Mas o esforço quotidiano pela continuação da nossa vida e pelo futuro da comunidade cansa-nos ou transforma-se em fanatismo, se não nos ilumina a luz daquela grande esperança que não pode ser destruída sequer pelos pequenos fracassos e pela falência em vicissitudes de alcance histórico.” Assim refletia Bento XVI, na grande encíclica Spes Salvi, sobre a aprendizagem da esperança a partir das ações humanas concretas.

É precisamente sob o signo da esperança que o seu sucessor Francisco coloca o ano de 2025 que agora começa, em que a Igreja celebrará um ano jubilar.

As origens desta tradição remontam aos anos sabáticos e jubilares judeus (que ocorriam a cada 7 anos e a cada 50 anos, respetivamente), em que se libertavam os escravizados por dívidas (nos anos sabáticos) e se procedia à redistribuição das terras pelos seus detentores originais (nos anos jubilares).
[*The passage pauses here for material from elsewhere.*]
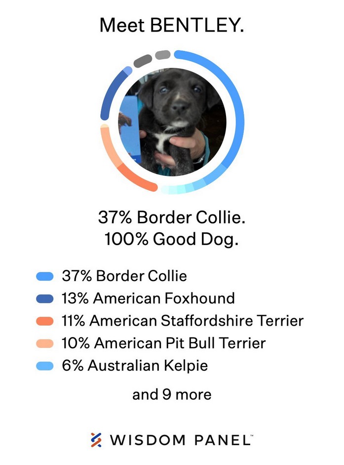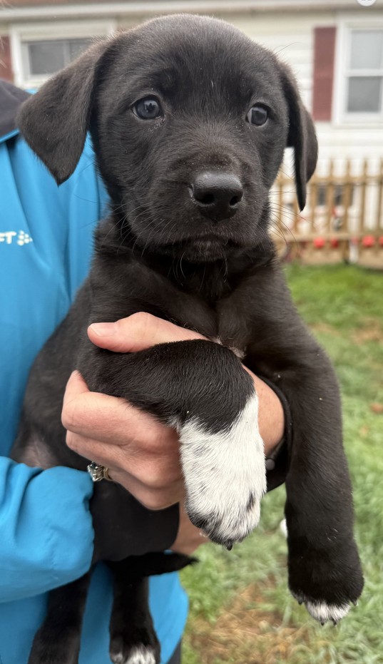 PORSCHE is one of Maserati’s six puppies. MAZI is a sweet girl, a good mama and loves everybody, even strangers! We’re hoping the puppies take on her personality. Dad was a traveling salesman – most likely of the hound of variety. Attaching a copy of the DNA results to this listing. The highest percentage of their heritage is of the herding breeds so we’re looking for active, dog oriented homes. Porsche is the biggest of the girls and she’s easy to spot because of her right front foot that looks like she stepped in a paint bucket! Porsche does have a hernia but that will be fixed at the time of her spay. Adoption fee of $350 will cover a eventual spay/neuter when they are old enough. Vets are now recommending after the first heat for girls and after the growth plates close for the boys – this helps prevent some health problems as they mature. The puppies have received their deworming and will have their first vaccine and are totally weaned from mom. They turned eight weeks old on Easter day and are available now. We do ask that adopters of puppies under 12 months of age attend a basic obedience class with them. We find that this results in a more confident, settled pup and reduces returns down the road. We can recommend a group class with a positive reinforcement trainer. If you feel like your family is up to puppyhood, please fill out an application at www.companimals.org.
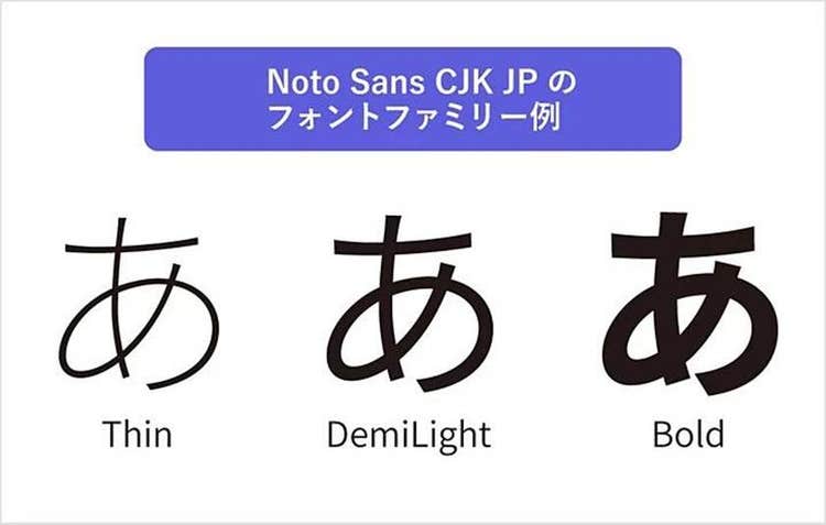 見出しと本文の太さを変えたいなど、文字の太さに変化をつける制作物を作りたい場合は、フォントファミリーが豊富なフォントを選ぶのがオススメです。

O significado era claro: a escravatura de israelitas equivalia no máximo a um “contrato” de seis anos e a distribuição da terra era considerada de foro divino, não havendo lugar a acumulações ilimitadas.

Na bula em que anunciou o jubileu de 2025, significativamente intitulada “Spes non confundit” (“A esperança não engana”, uma citação de S. Paulo), o Papa recorda assim que “o Jubileu lembra que os bens da terra se destinam a todos, e não a poucos privilegiados.” Renova ainda o convite “às nações mais ricas, para que reconheçam a gravidade de muitas decisões tomadas e estabeleçam o perdão das dívidas dos países que nunca poderão pagá-las.”
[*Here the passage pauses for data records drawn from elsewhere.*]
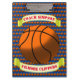 A basketball and banners make up this fun clipboard. Great gift for a coach. Customizable so you can add your own text and change the background color. Makes a great gift!
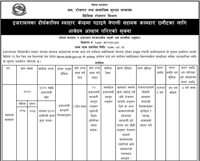 रोजगारीमा जान चाहनेले विभागको वेवसाइटमा गएर अनलाइन फाराम भर्नका लागि आग्रह गरिएको छ। सरकारी संयन्त्र (जीटुजी)मार्फत इजरायलमा कामदार पठाउने सम्झौता भए अनुसार विभागले औपचारिक रुपमा आवेदन खुल्ला गरेको हो । विभागका अनुसार इजरायलले सुसारे (केयरगिभर) कामका लागि एक हजार नेपाली श्रमिक लैजाने छ।
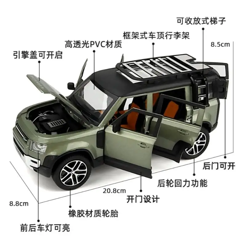 â Realistic exterior with accurate grille, roof rails, and spare tire.
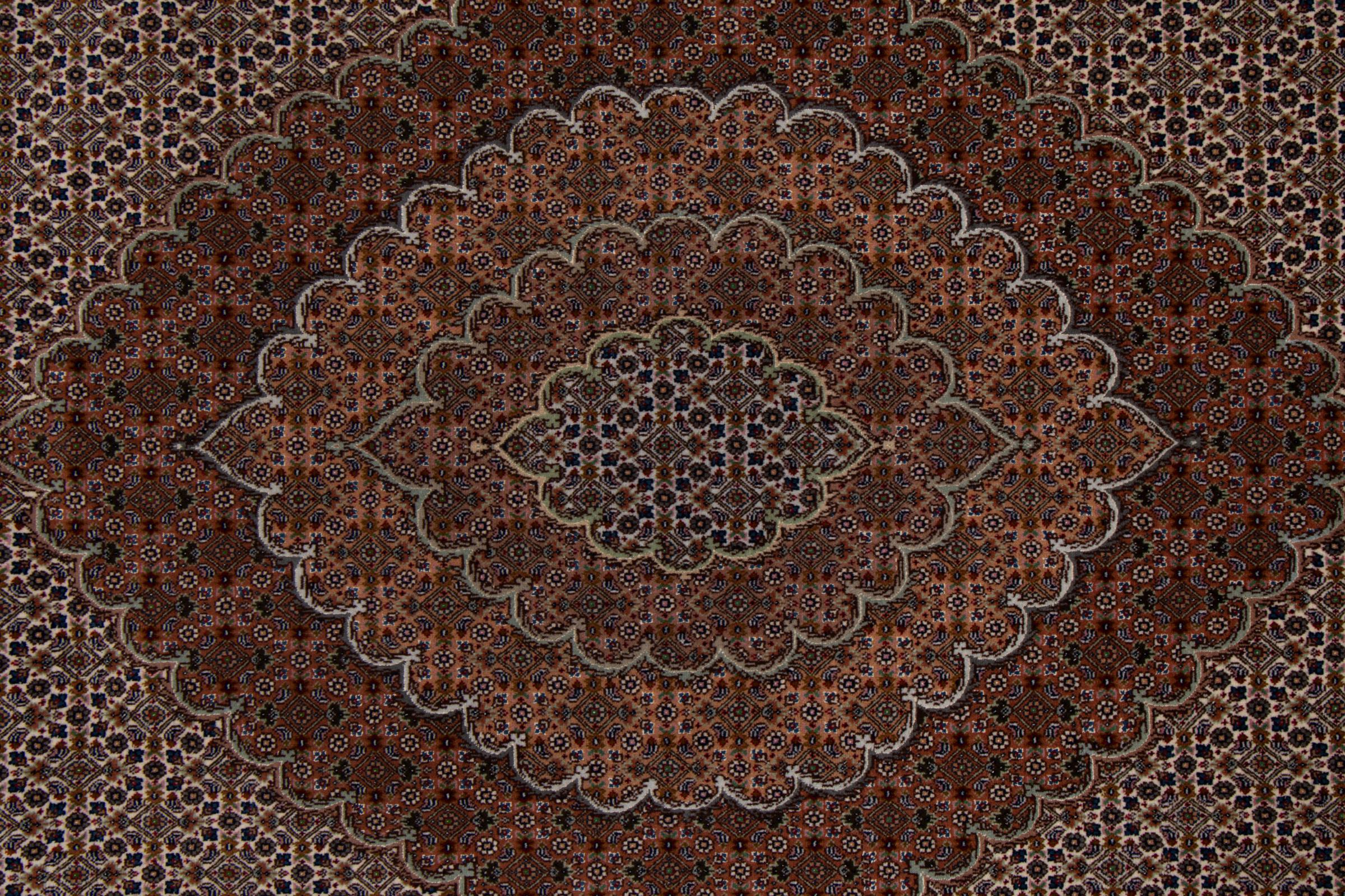 Teppenummer: 293807005532729 Størrelse: 351x244 cm Tykkelse: ca. 7 mm Knuter: 440 000 - 490 000 / m² Bearbeiding: Knyttet for hånd Søm: Ull med silke Kjede: Bomull Opprinnelse: Persia / Iran Alder: Nytt Vekt: ca. 26 kg Også kjent som Tabriz, Tabris, Täbris, Tebriz, Tebris, 40Raj, 50Raj Antall på lager: Unikt - Kun 1 stk i lager

É neste contexto que o bispo de Setúbal anunciou “o perdão de todas as dívidas pessoais à Diocese de Setúbal até à data de hoje”, pedindo ainda “às IPSS, às Misericórdias, a todos, todos, todos, sendo económica e financeiramente possível perdoem dividas pessoais/individuais.”
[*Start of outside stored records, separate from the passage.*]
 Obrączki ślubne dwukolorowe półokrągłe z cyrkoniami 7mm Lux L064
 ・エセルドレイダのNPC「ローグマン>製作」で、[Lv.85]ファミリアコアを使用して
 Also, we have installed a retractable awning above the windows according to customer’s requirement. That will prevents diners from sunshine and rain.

Para além dos pobres, o Papa propõe de forma muito veemente um olhar sobre os presos, pedindo aos Governos que “tomem iniciativas que lhes restituam esperança: formas de amnistia ou de perdão da pena, que ajudem as pessoas a recuperar a confiança em si mesmas e na sociedade; percursos de reinserção na comunidade, aos quais corresponda um compromisso concreto de cumprir as leis.”

Este pedido foi ilustrado eloquentemente por um gesto sem precedentes: pela primeira vez na história dos Jubileus houve a abertura de uma Porta Santa (um dos símbolos jubilares) numa cadeia. Dirigindo-se aos presos da cadeia de Rebibbia, nos arredores de Roma, Francisco afirmava: “Gosto de pensar na esperança como a âncora que está na praia e nós, com a corda, permanecemos seguros, porque a nossa esperança é como a âncora em terra firme. Não percais a esperança. Esta é a mensagem que vos quero dar; a todos, a cada um de nós. Antes de mais a mim. A todos. Não percam a esperança. A esperança nunca desilude. Nunca. (…) Duas coisas vos digo. Primeiro: corda na mão, com a âncora da esperança. Segundo: abram bem as portas do coração. Abrimos esta de par em par, mas é um símbolo da porta do nosso coração.”